* [DATASET EXCERPT]

====

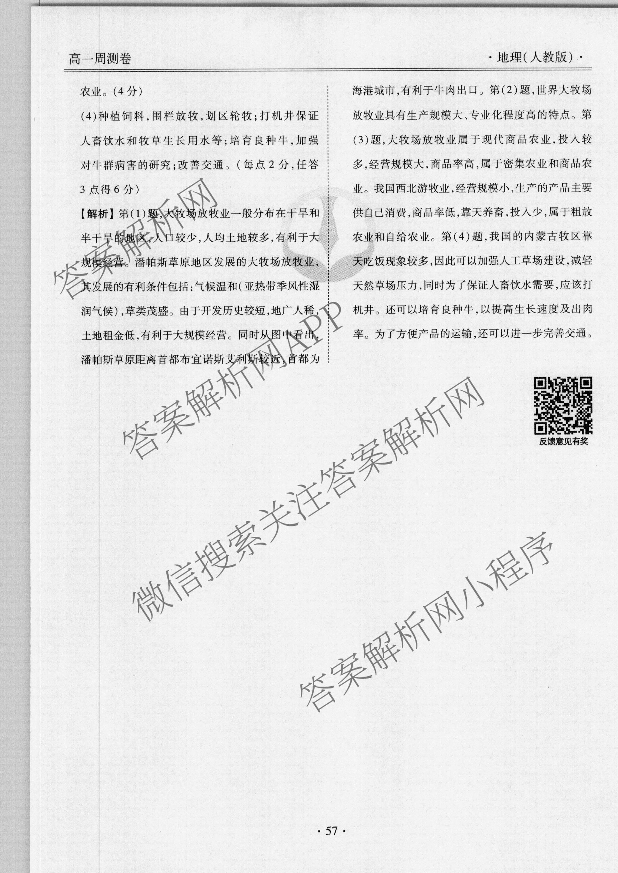 2021-2022衡水金卷先享题高一同步周测卷地理人教版(二十)20答案
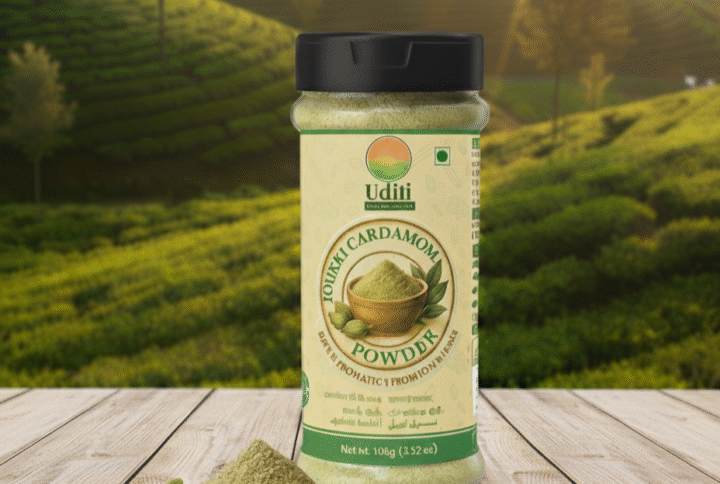 Uditi Idukki Cardamom Powder | Finely Ground Green Cardamom | Strong Fragrance & Bold Flavor | Single-Origin Spice | Ideal for Tea, Sweets, Curries | 100g Pack
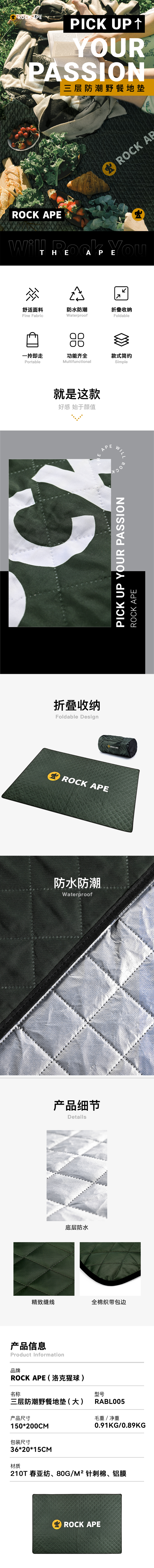 商品名称:ROCK APE/洛克猩球大号三层防潮野餐地垫RABL005

====

* [TASK BRIEF] Only exact repeats of the lines from the one containing "Uditi Idukki Cardamom" through the end of the listing above are wanted here; pictures are not.

* [SOLVED PROBLEM]
 Uditi Idukki Cardamom Powder | Finely Ground Green Cardamom | Strong Fragrance & Bold Flavor | Single-Origin Spice | Ideal for Tea, Sweets, Curries | 100g Pack
 商品名称:ROCK APE/洛克猩球大号三层防潮野餐地垫RABL005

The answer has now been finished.